* [Problem statement]: Omit all pictures and transcribe only the lines in the entries below that run from the line with "On retrouve la" through the line with "Also, I took".

* [Extracted data entries]:

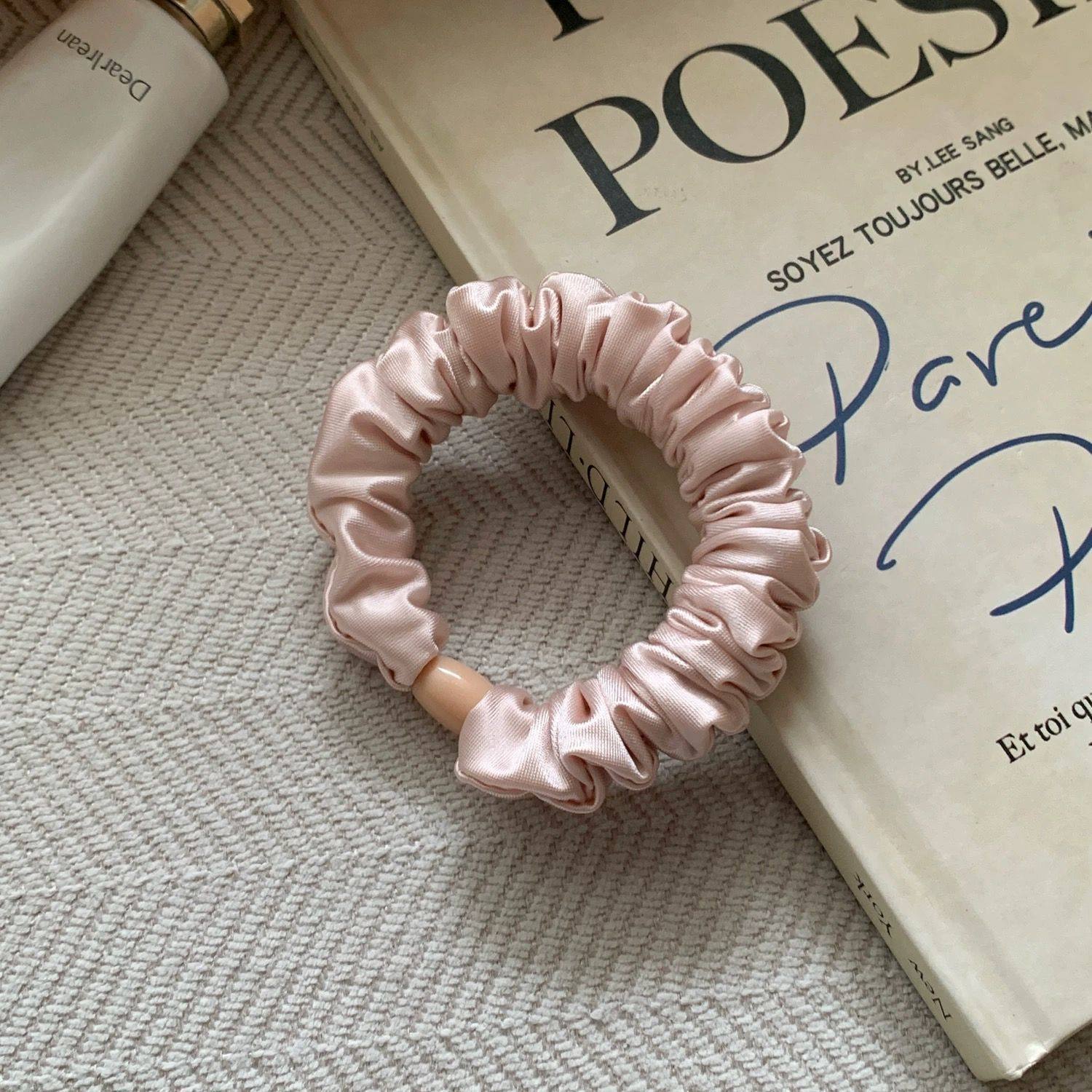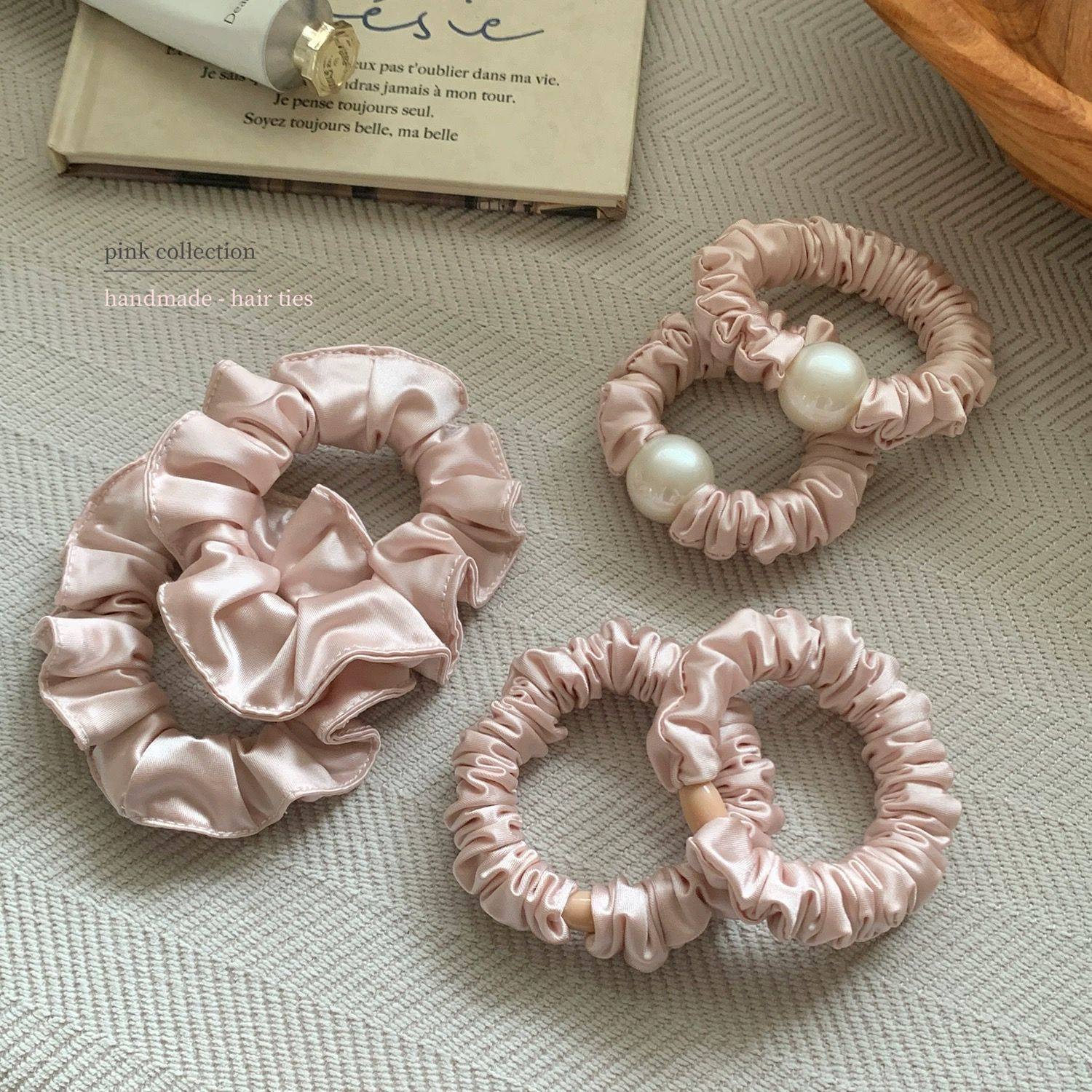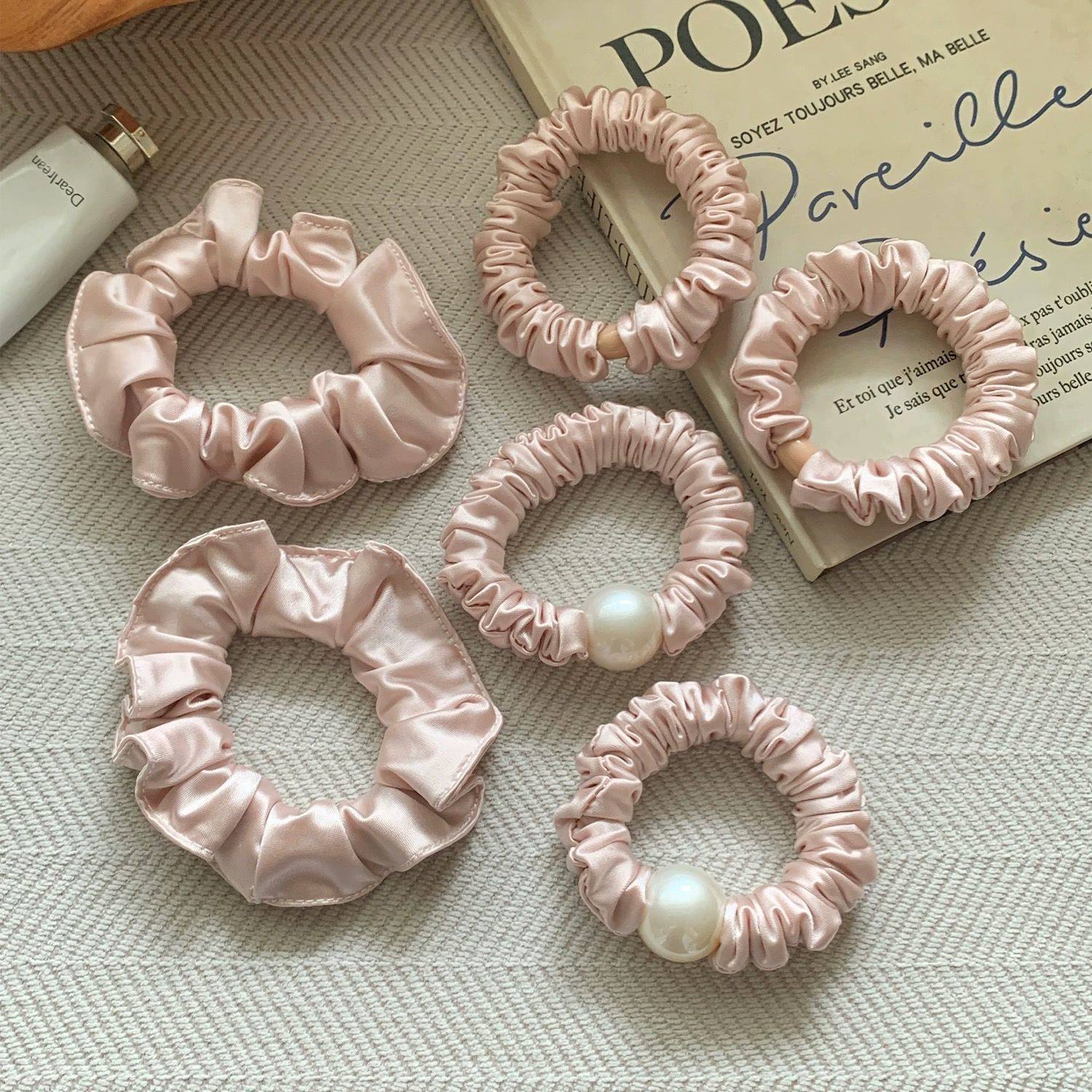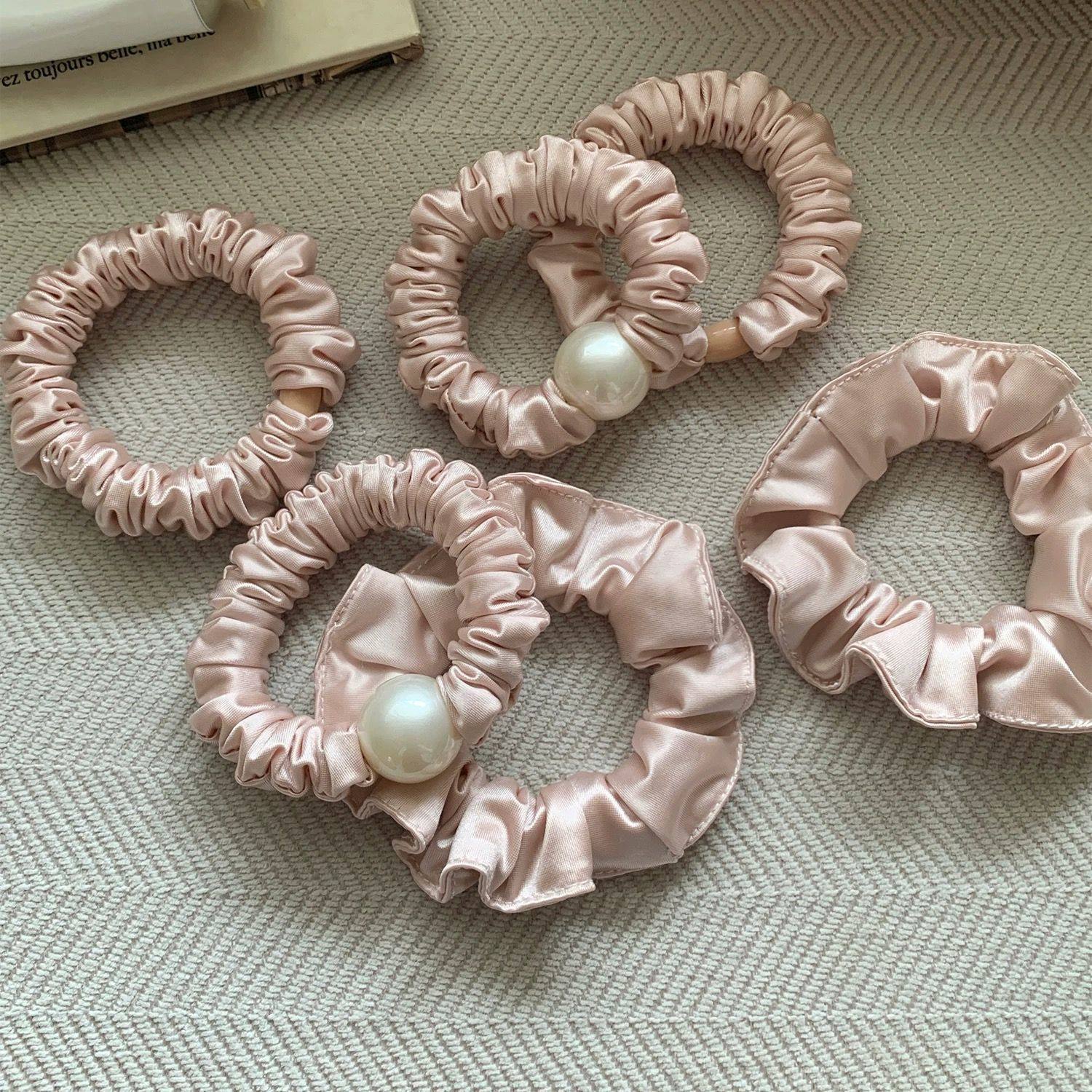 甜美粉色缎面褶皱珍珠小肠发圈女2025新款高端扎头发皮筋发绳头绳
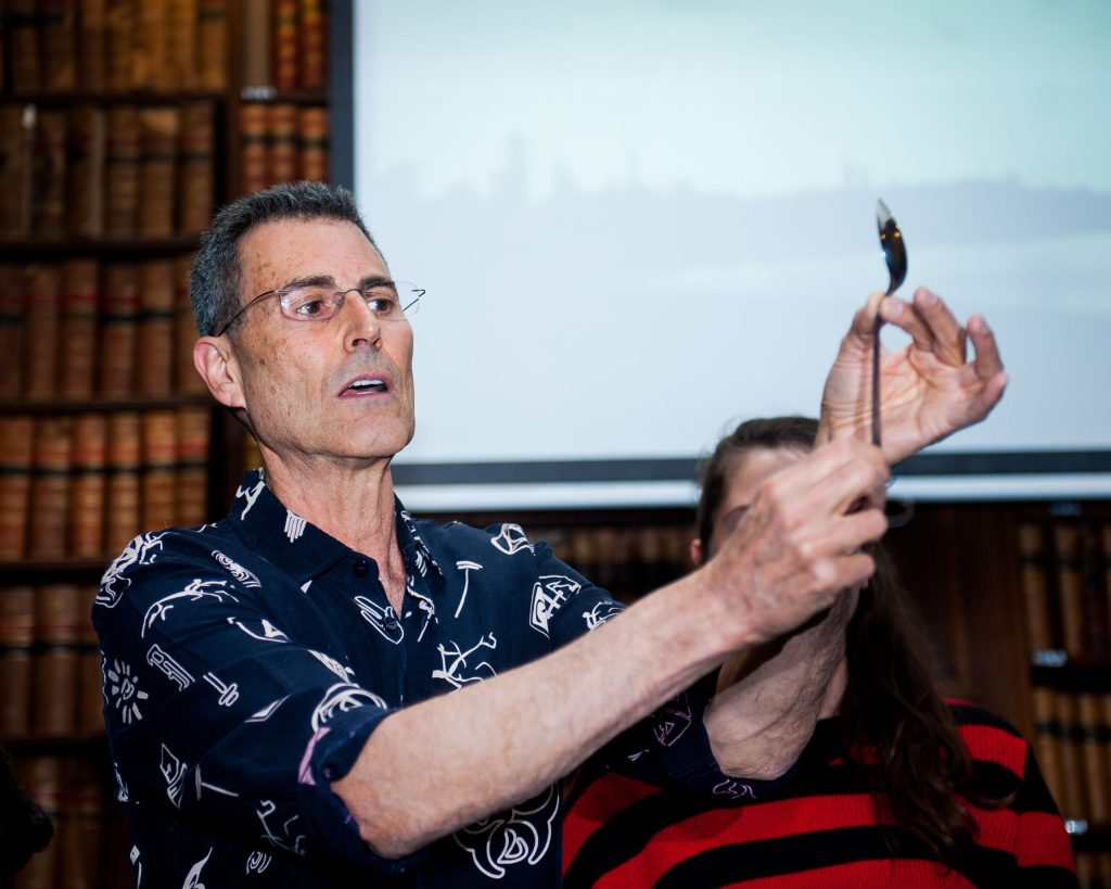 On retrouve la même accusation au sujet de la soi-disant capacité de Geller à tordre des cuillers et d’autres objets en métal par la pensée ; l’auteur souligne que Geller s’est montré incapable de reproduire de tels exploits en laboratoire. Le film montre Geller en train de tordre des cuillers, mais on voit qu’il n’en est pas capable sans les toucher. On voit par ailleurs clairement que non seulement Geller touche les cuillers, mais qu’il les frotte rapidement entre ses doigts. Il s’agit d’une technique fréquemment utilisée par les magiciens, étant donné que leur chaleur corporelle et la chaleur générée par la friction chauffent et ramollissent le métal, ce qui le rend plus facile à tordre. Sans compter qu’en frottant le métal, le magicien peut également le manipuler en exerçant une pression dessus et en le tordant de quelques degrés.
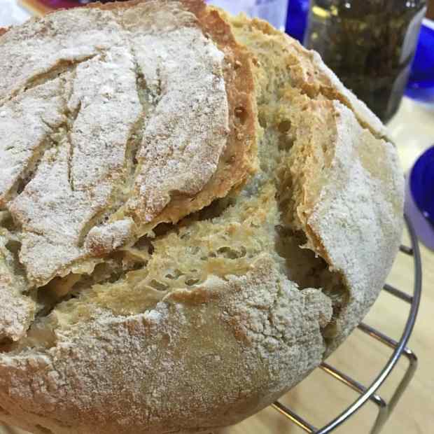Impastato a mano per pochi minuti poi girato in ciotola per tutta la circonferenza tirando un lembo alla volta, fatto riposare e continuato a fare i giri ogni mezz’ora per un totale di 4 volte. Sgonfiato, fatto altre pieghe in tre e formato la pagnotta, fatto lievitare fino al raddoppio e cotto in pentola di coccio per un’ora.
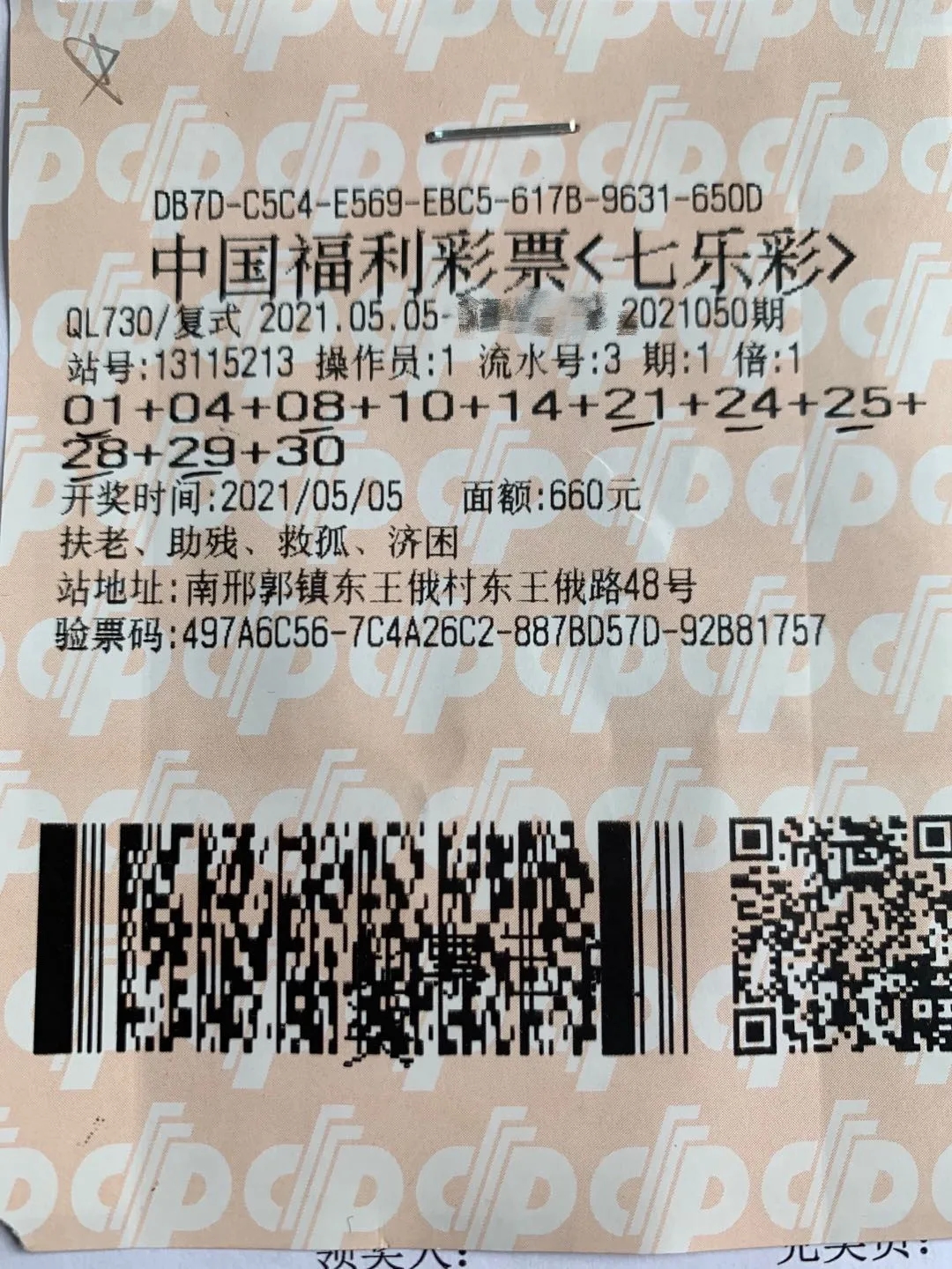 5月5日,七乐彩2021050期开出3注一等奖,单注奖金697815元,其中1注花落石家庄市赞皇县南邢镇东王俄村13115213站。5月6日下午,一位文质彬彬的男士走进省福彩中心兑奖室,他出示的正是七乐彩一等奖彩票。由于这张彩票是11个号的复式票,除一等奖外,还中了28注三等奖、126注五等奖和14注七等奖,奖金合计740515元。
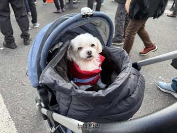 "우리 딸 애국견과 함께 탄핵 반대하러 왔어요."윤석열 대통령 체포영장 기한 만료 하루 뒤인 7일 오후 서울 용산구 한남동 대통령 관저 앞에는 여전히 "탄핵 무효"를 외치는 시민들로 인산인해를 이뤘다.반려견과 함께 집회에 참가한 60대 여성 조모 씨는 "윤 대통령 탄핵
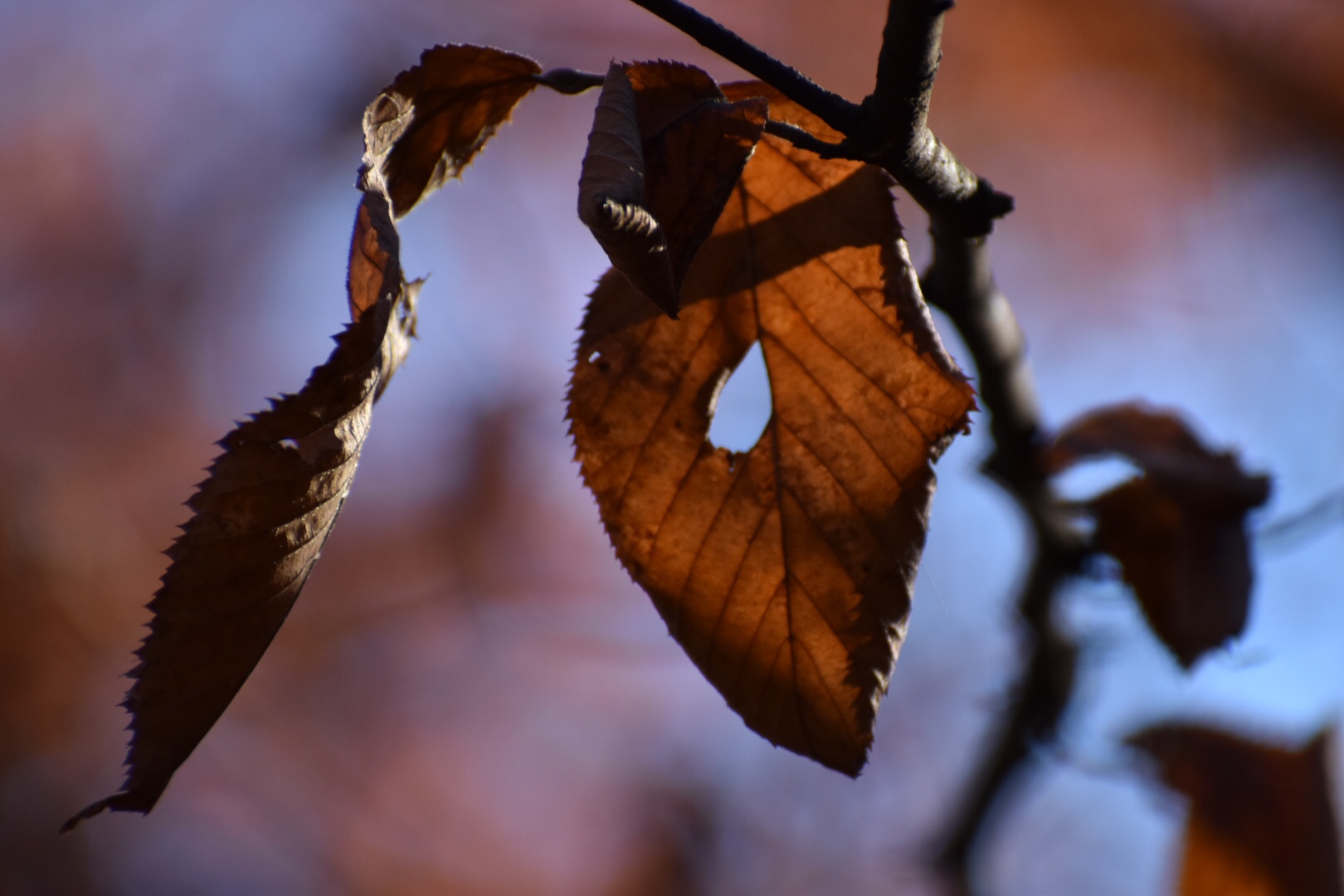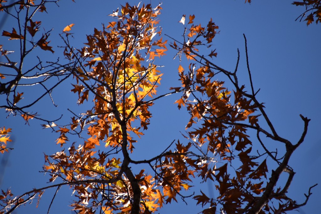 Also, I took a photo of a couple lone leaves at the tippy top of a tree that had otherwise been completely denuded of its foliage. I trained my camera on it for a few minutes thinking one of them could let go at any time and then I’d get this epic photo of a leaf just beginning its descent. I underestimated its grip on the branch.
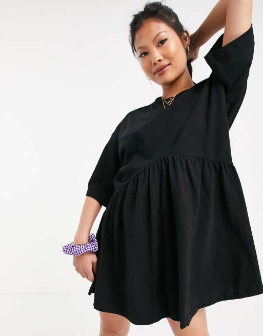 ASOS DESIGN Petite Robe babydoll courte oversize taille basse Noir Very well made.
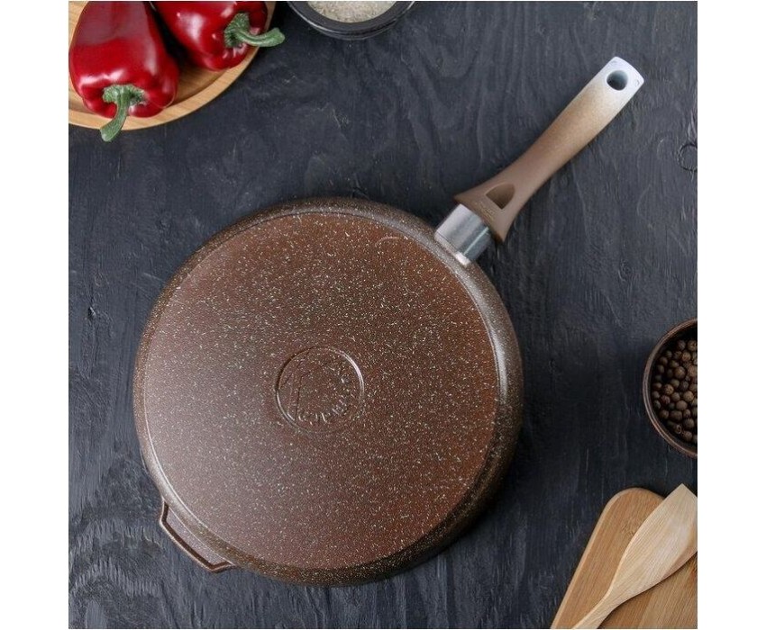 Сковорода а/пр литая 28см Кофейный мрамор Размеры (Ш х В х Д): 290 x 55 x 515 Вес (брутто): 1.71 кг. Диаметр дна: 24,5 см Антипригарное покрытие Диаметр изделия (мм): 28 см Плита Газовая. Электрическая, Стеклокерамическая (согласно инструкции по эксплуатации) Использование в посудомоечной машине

* [Solution to this task]:
 On retrouve la même accusation au sujet de la soi-disant capacité de Geller à tordre des cuillers et d’autres objets en métal par la pensée ; l’auteur souligne que Geller s’est montré incapable de reproduire de tels exploits en laboratoire. Le film montre Geller en train de tordre des cuillers, mais on voit qu’il n’en est pas capable sans les toucher. On voit par ailleurs clairement que non seulement Geller touche les cuillers, mais qu’il les frotte rapidement entre ses doigts. Il s’agit d’une technique fréquemment utilisée par les magiciens, étant donné que leur chaleur corporelle et la chaleur générée par la friction chauffent et ramollissent le métal, ce qui le rend plus facile à tordre. Sans compter qu’en frottant le métal, le magicien peut également le manipuler en exerçant une pression dessus et en le tordant de quelques degrés.
Impastato a mano per pochi minuti poi girato in ciotola per tutta la circonferenza tirando un lembo alla volta, fatto riposare e continuato a fare i giri ogni mezz’ora per un totale di 4 volte. Sgonfiato, fatto altre pieghe in tre e formato la pagnotta, fatto lievitare fino al raddoppio e cotto in pentola di coccio per un’ora.
 5月5日,七乐彩2021050期开出3注一等奖,单注奖金697815元,其中1注花落石家庄市赞皇县南邢镇东王俄村13115213站。5月6日下午,一位文质彬彬的男士走进省福彩中心兑奖室,他出示的正是七乐彩一等奖彩票。由于这张彩票是11个号的复式票,除一等奖外,还中了28注三等奖、126注五等奖和14注七等奖,奖金合计740515元。
 "우리 딸 애국견과 함께 탄핵 반대하러 왔어요."윤석열 대통령 체포영장 기한 만료 하루 뒤인 7일 오후 서울 용산구 한남동 대통령 관저 앞에는 여전히 "탄핵 무효"를 외치는 시민들로 인산인해를 이뤘다.반려견과 함께 집회에 참가한 60대 여성 조모 씨는 "윤 대통령 탄핵
 Also, I took a photo of a couple lone leaves at the tippy top of a tree that had otherwise been completely denuded of its foliage. I trained my camera on it for a few minutes thinking one of them could let go at any time and then I’d get this epic photo of a leaf just beginning its descent. I underestimated its grip on the branch.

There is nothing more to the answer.